Insulin glulisine, formed by recombinant DNA, is a rapid-acting insulin. Insulin lowers blood glucose by stimulating peripheral glucose uptake by skeletal muscle and fat and by inhibiting hepatic glucose production. Insulin causes lipolysis in the adipocytes, inhibits proteolysis, and enhances protein synthesis.

Therapeutic Effect

Insulin glulisine has a more rapid onset of action and a shorter duration of action than regular human insulin; thus, it provides good postprandial blood glucose control.

Uses

Treatment of diabetes mellitus.

Contraindications

Hypoglycemia; systemic allergy to insulin; pregnancy (category C).

Cautious Use

Renal impairment, hepatic dysfunction; thyroid disease; fever; older adults; children; lactation.

Route & Dosage

Diabetes
Adult: SC 5–10 units within 15 min before starting a meal or within 20 min after starting a meal. Dose should be individualized.

Administration

Subcutaneous
  • Give within 15 min before or up to 20 min after a meal.
  • Store refrigerated at 36° F to 46° F (2° C to 8° C).
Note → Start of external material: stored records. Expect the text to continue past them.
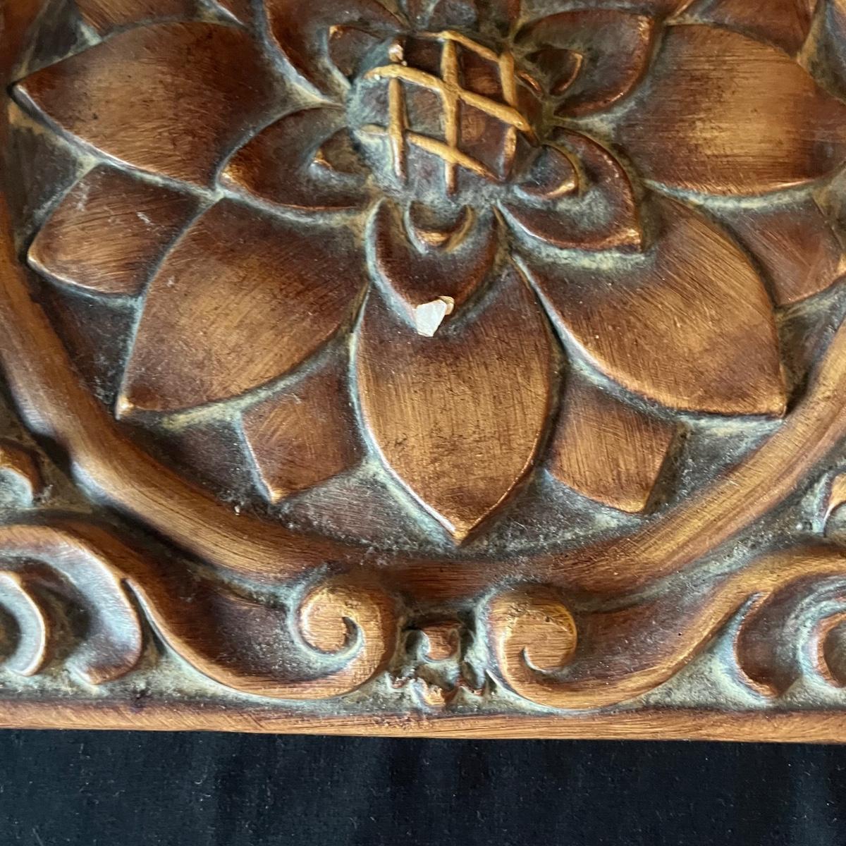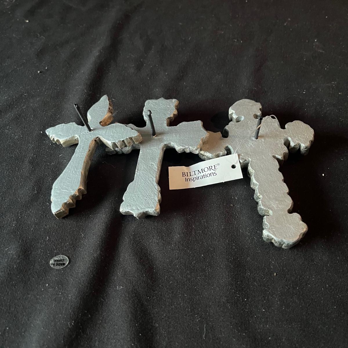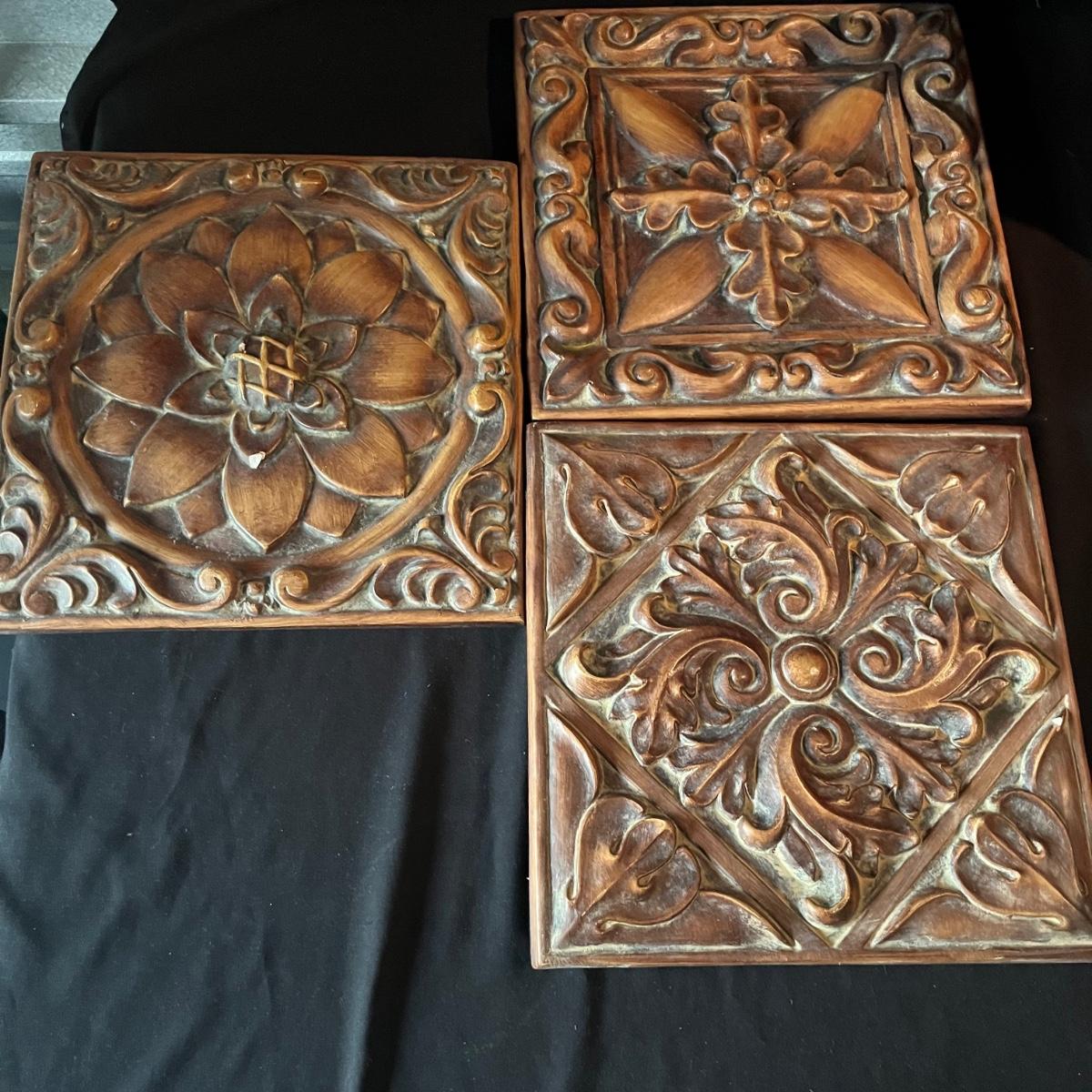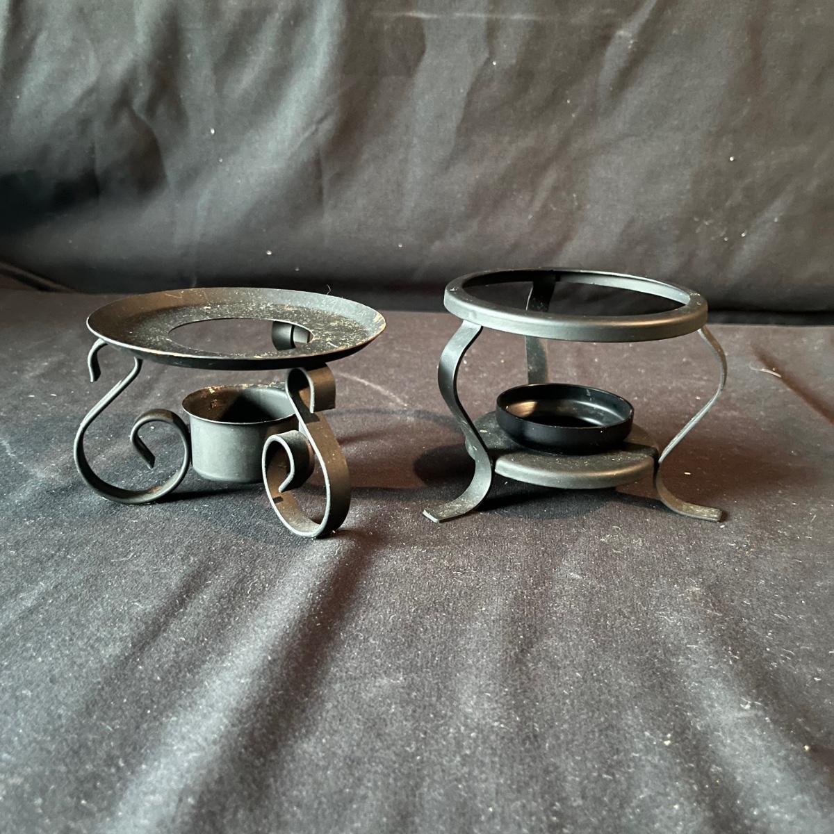 Lot contains ceramic Vineyard Bowl, three decorative wall hangings, three ceramic teardrop shaped bowls, three matching ceramic bowls, small ceramic bowl, seven metal wall hooks, metal plate stand, Olmstead oak baking dish with stand, Antler Hill wine bottle holder, small silver colored ceramic jar and Baroque candle with Bell jar. Vineyard Bowl measures 10” x 19” x 8”. Many of these items are new in box.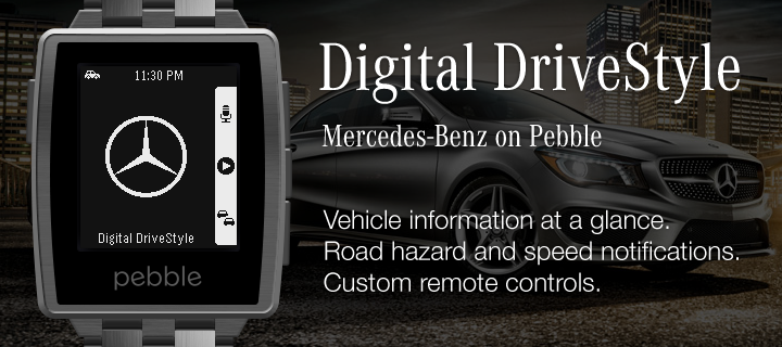 Connect to your Mercedes-Benz with the DriveStyle Watchapp for Pebble. Keep up-to-date with your car’s status, performance, and location. While driving, get alerted of road hazards, accidents, and speed limits. Remote control your navigation, social networks, and music with the companion app for iPhone. For more details on Drive Kit Plus and Digital DriveStyle, visit: drive-kit-plus.com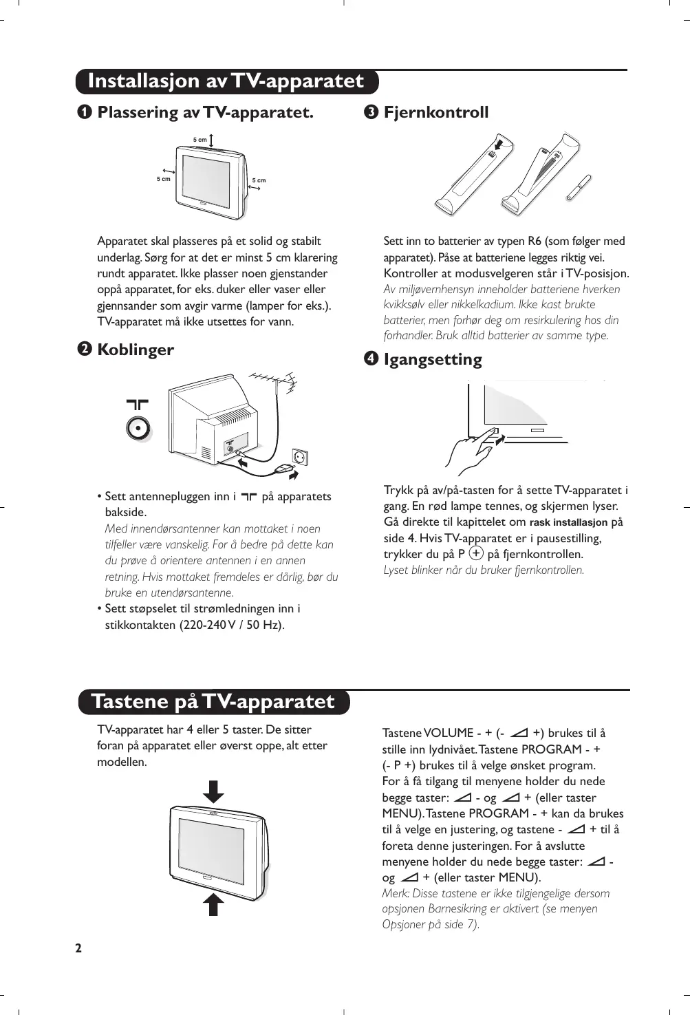 - Sett støpselet til strømledningen inn i stikkontakten (220-240 V / 50 Hz). Sett inn to batterier av typen R6 (som følger med apparatet). Påse at batteriene legges riktig vei. Kontroller at modusvelgeren står i TV-posisjon. Av miljøvernhensyn inneholder batteriene hverken kvikksølv eller nikkelkadium. Ikke kast brukte batterier, men forhør deg om resirkulering hos din forhandler. Bruk alltid batterier av samme type. ‘ Igangsetting Trykk på av/på-tasten for å sette TV-apparatet i gang. En rød lampe tennes, og skjermen lyser. Gå direkte til kapittelet om rask installasjon på side 4. Hvis TV-apparatet er i pausestilling, trykker du på P # på fjernkontrollen. Lyset blinker når du bruker fjernkontrollen. Tastene på TV-apparatet TV-apparatet har 4 eller 5 taster. De sitter foran på apparatet eller øverst oppe, alt etter modellen.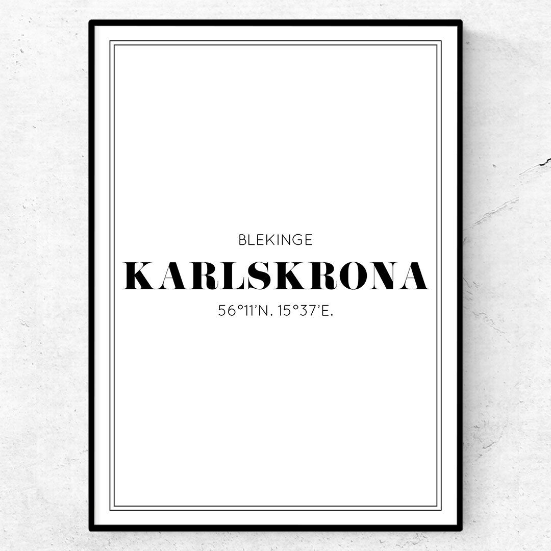 Långt nere i de södra landskapen av vårt land ligger det vackra Blekinge, och inte minst staden Karlskrona. Den här postern är en hyllning till Karlskrona och kanske till allt som staden betyder för dig? Denna Karlskrona-poster köper du på textart.se och får den levererad hem på ett par dagar. Letar du efter någon annan stad? Då kan du kolla på övriga posters och alster här.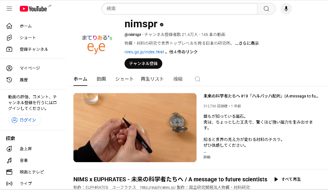 国立研究開発法人物質・材料研究機構(NIMS)が提供しています。このチャンネルは、NIMSが総力を挙げ、物質・材料の世界にワクワクしてもらえる映像があります。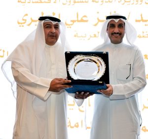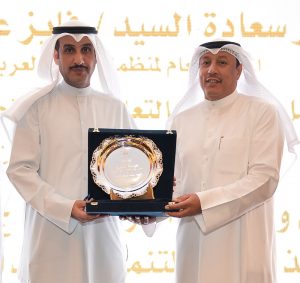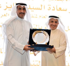 ومن جانبه قدم السيد/ محمد جمعان الحضينة – رئيس الاتحاد العام لعمال الكويت، درع الاتحاد الى سعاد السيد/ فايز علي المطيري.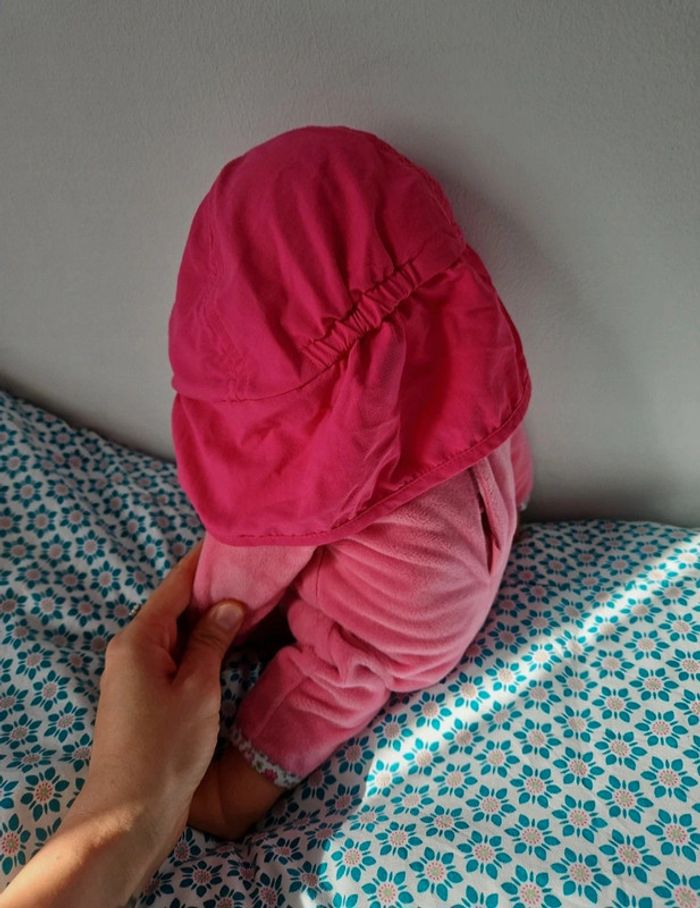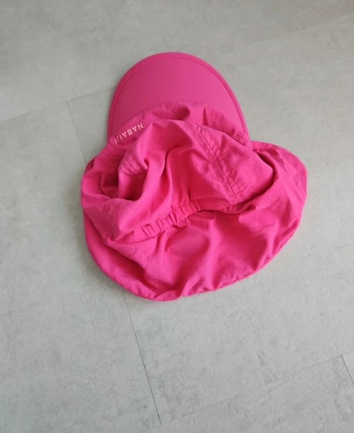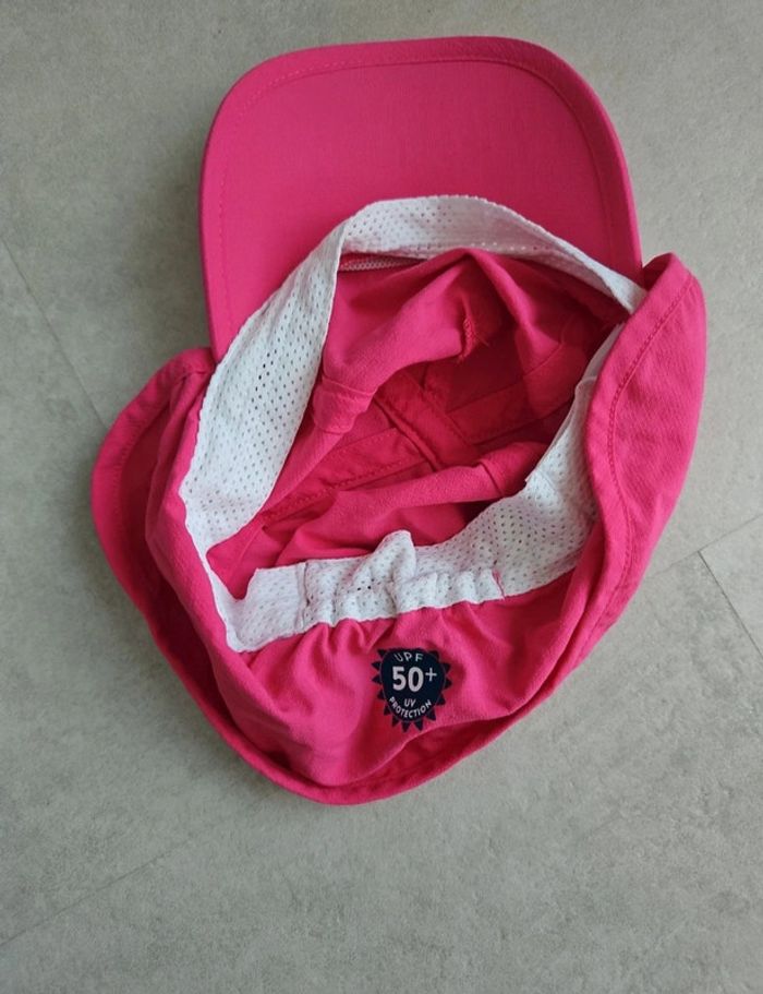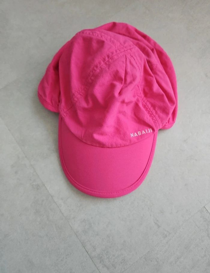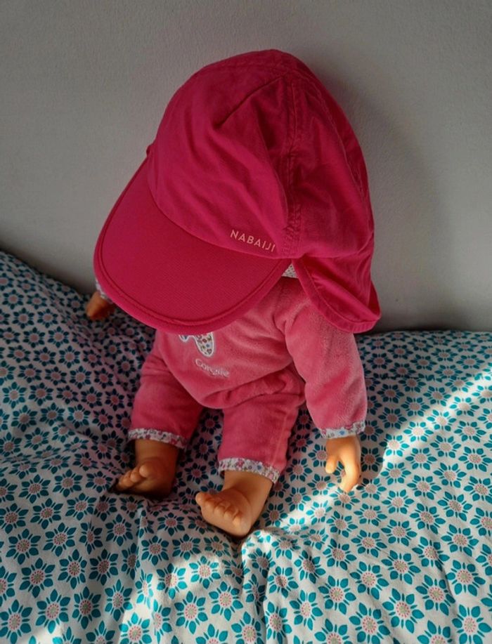 Casquette anti-uv pour piscine et plage Nabaiji de decathlon. Couleur rose. En très bon état, peut servi. Taille 18/24m. 47a 49cm. #cyndie17bébé #cyndie174bébé18m #cyndie174bébé24m #casquetteantiuvfille

Discard vial if frozen. Protect from light.

Adverse Effects (≥1%)

[See INSULIN (REGULAR)] Body as a Whole: Allergic reactions. Metabolic: Hypoglycemia. Skin: Injection site reactions, lipodystrophy, pruritus, rash.

Diagnostic Test Interference

See INSULIN INJECTION (REGULAR).

Pharmacokinetics

Absorption: 70% bioavailable from injection sites. Onset: 15–30 min. Peak: 55 min. Duration: 3–4 h. Metabolism: In liver with some metabolism in the kidney. Half-Life: 42 min SC.

Nursing Implications

Assessment & Drug Effects

  • Monitor for S&S of hypoglycemia (see Appendix F). Initial hypoglycemic response begins within 15 min and peaks, on average, 40–60 min after injection.
  • Lab tests: Periodically monitor fasting and postprandial blood glucose and HbA1C.

Patient & Family Education

  • Do not inject into areas with redness, swelling, itching, or dimpling.
  • If mixing with NPH human insulin, draw up insulin glulisine first. Inject immediately after mixing.
  • Ingest some form of sugar (e.g., orange juice, dissolved table sugar, honey) if symptoms of hypoglycemia develop, and seek medical assistance.
  • Check blood sugar as prescribed, especially postprandial values; notify physician of fasting blood glucose <80 and >140 mg/dL.
  • Notify the physician of any of the following: fever, infection, trauma, diarrhea, nausea, or vomiting. Dosage adjustment may be needed.
  • Do not take any other medication unless approved by the physician.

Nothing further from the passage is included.